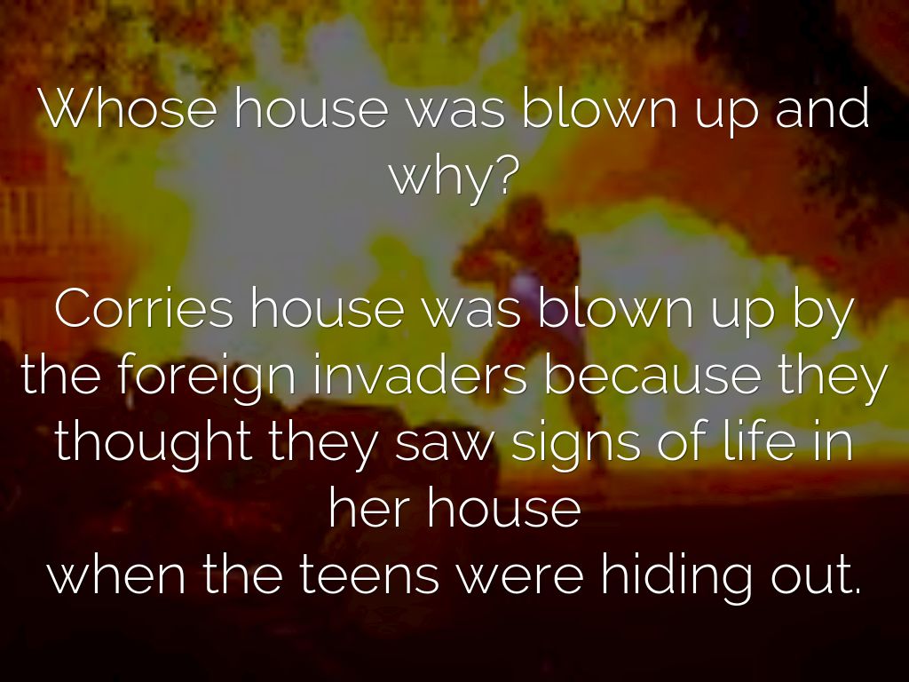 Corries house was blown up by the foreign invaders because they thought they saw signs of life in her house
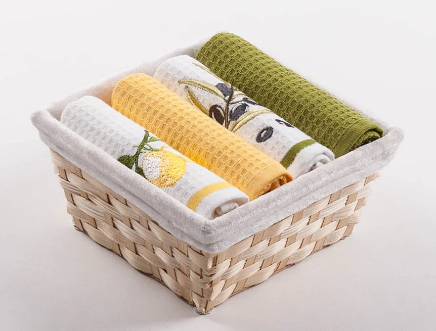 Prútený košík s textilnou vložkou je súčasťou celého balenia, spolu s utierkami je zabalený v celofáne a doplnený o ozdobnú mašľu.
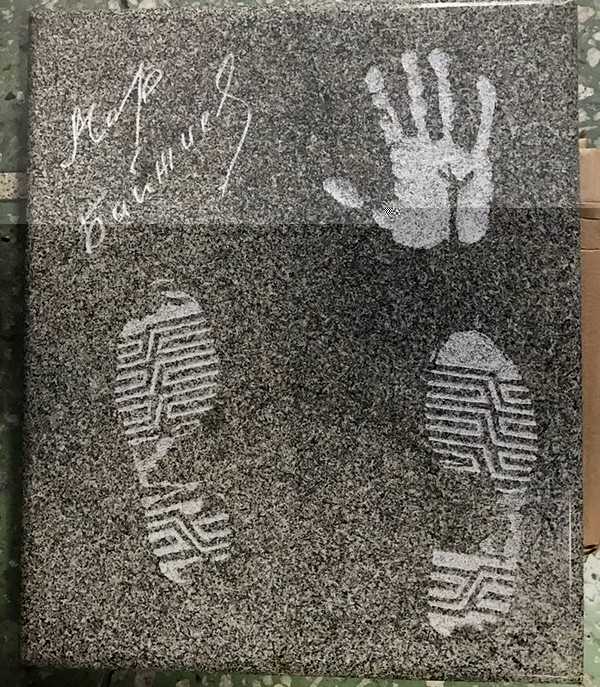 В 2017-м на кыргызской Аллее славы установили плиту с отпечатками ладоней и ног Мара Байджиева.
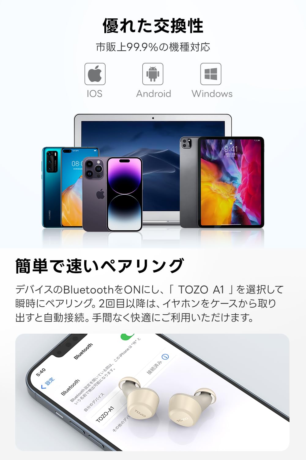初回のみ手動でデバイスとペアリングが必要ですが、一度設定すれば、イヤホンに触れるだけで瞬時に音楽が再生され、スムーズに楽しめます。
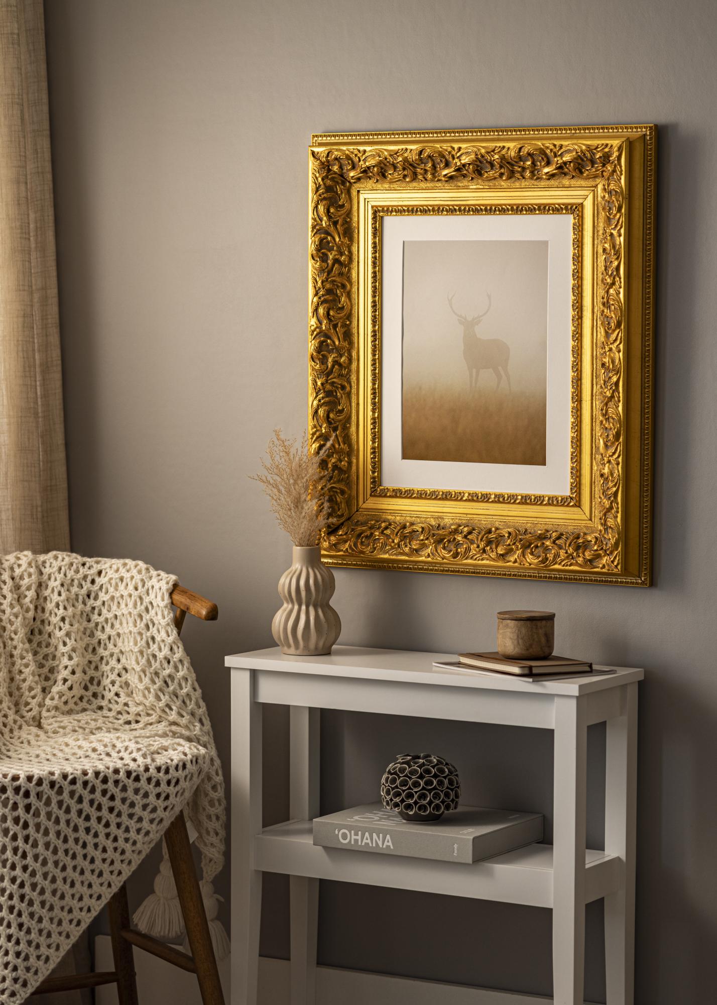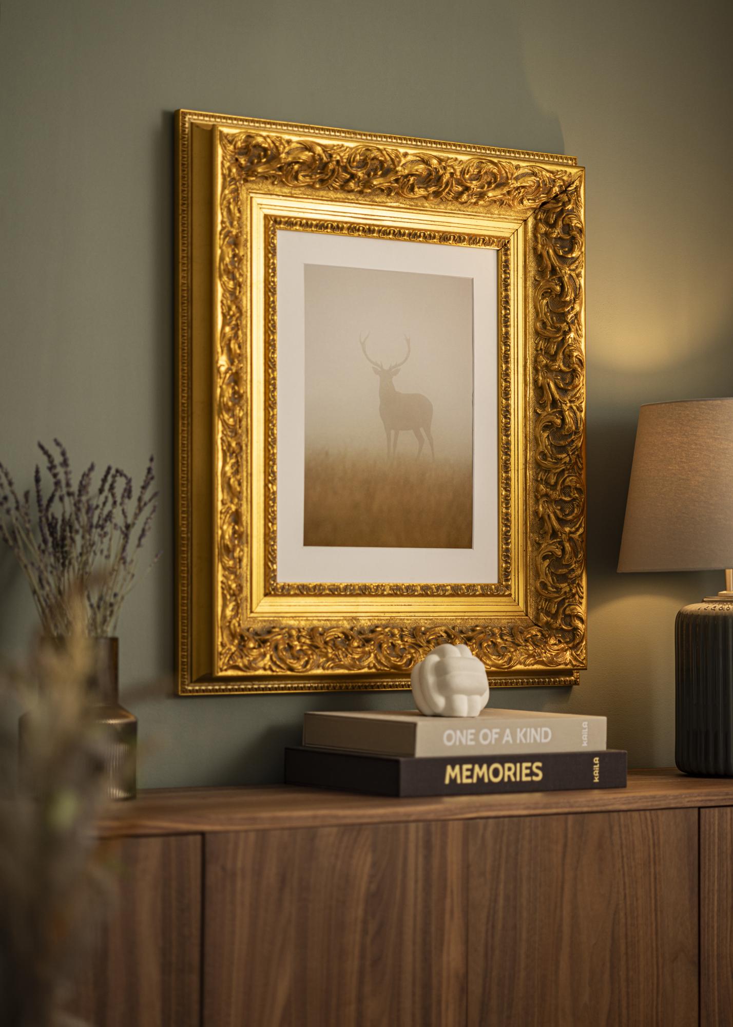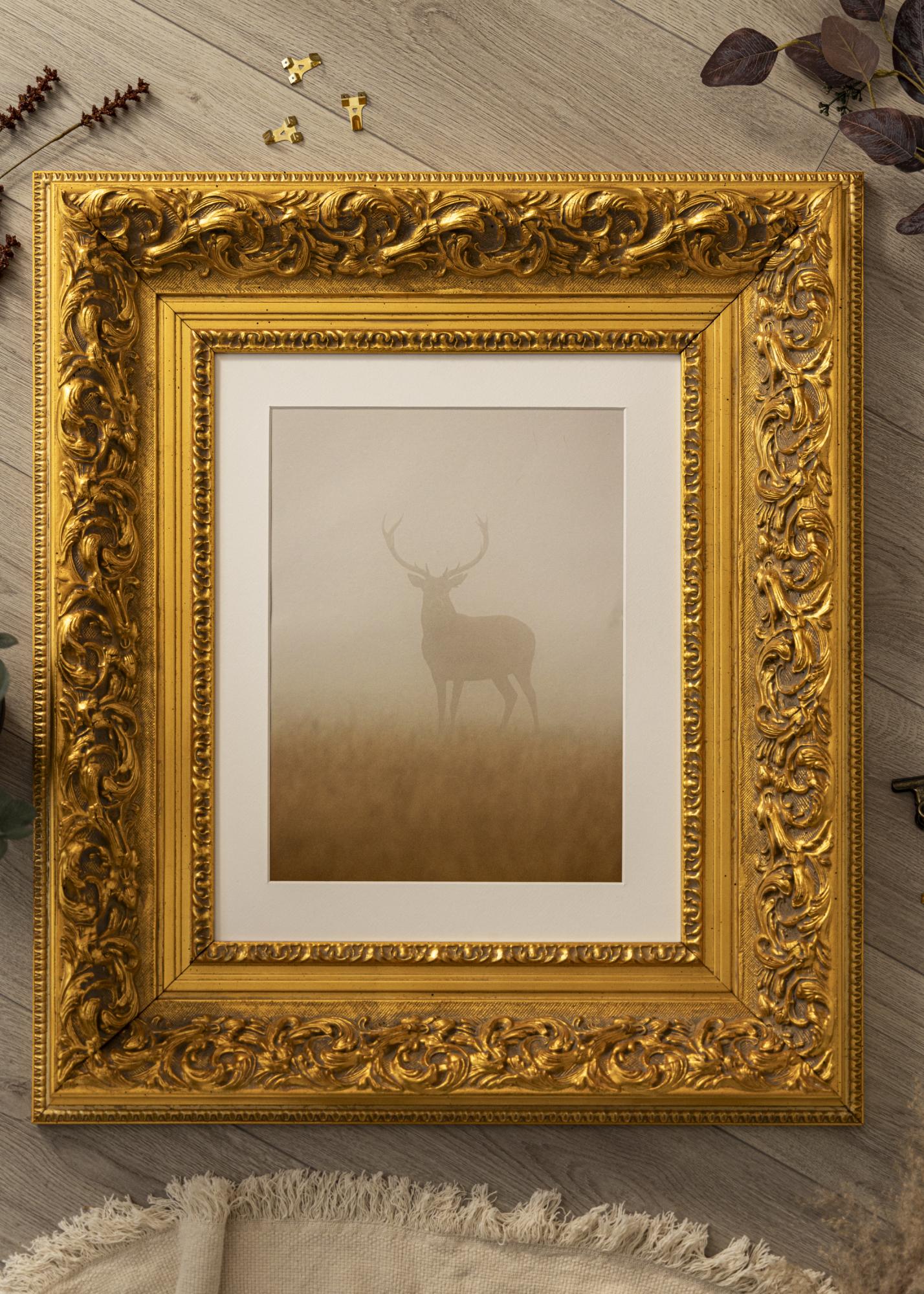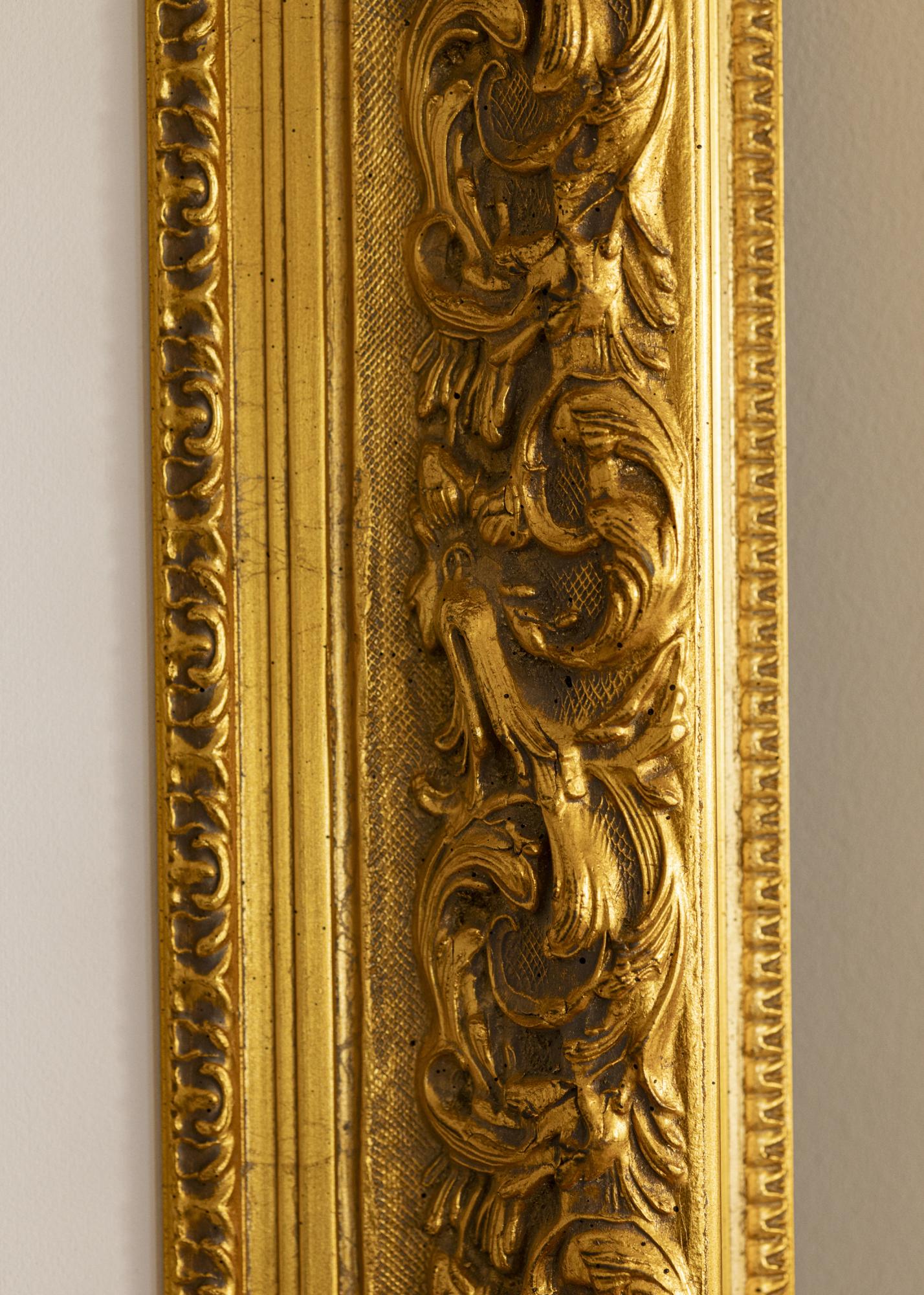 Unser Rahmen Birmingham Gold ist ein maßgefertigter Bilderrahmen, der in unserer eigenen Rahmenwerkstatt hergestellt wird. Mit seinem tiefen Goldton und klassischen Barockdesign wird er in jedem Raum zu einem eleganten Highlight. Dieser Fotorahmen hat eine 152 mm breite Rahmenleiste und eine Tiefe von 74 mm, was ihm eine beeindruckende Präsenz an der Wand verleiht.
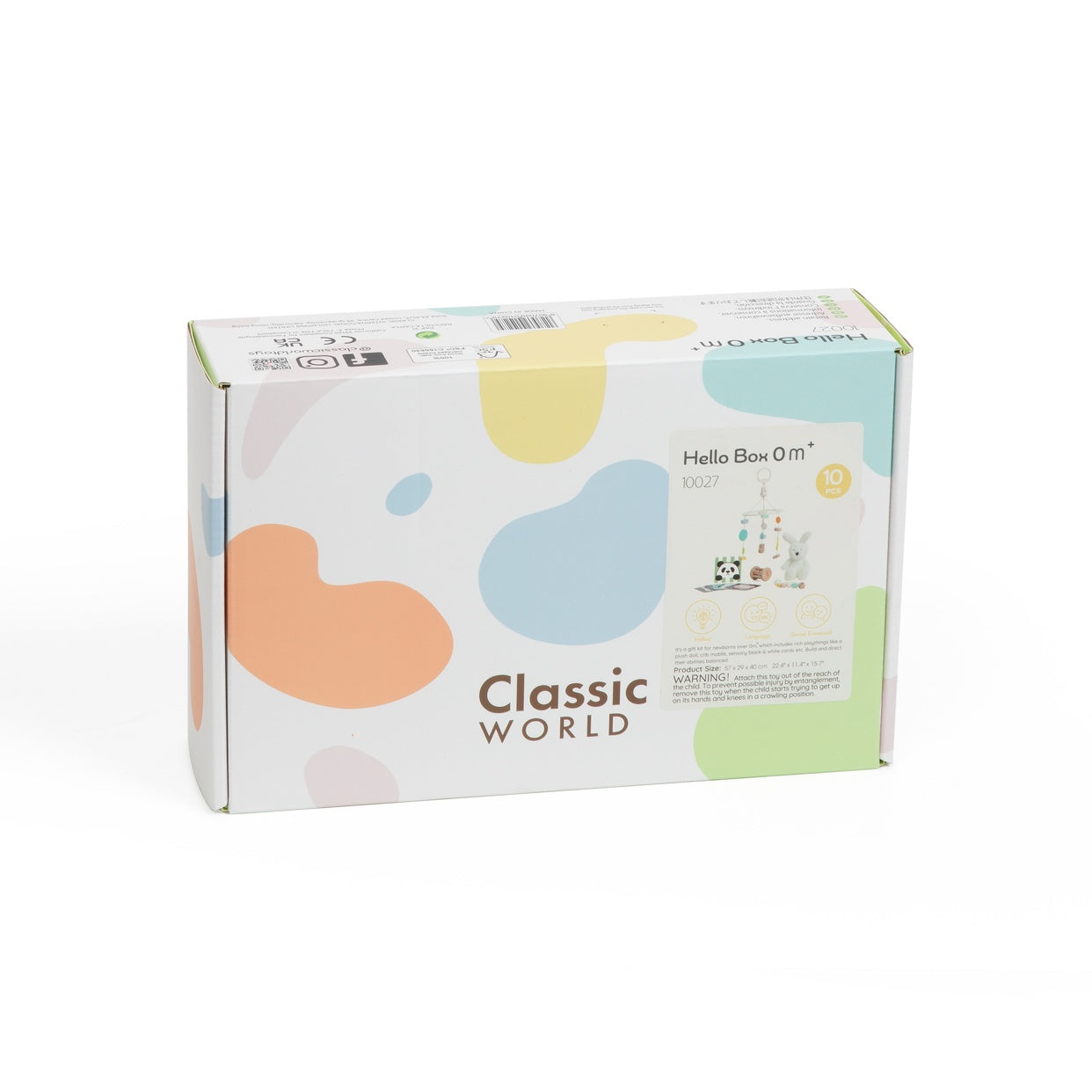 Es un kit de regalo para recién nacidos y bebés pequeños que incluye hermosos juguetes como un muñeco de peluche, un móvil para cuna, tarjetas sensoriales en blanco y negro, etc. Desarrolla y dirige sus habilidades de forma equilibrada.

**Task brief:** When copying from the data above, print only the lines from the line containing "В 2017-м на" to the line containing "初回のみ手動でデバイスとペア", exactly, and leave the pictures out.

**Task solution:**
 В 2017-м на кыргызской Аллее славы установили плиту с отпечатками ладоней и ног Мара Байджиева.
初回のみ手動でデバイスとペアリングが必要ですが、一度設定すれば、イヤホンに触れるだけで瞬時に音楽が再生され、スムーズに楽しめます。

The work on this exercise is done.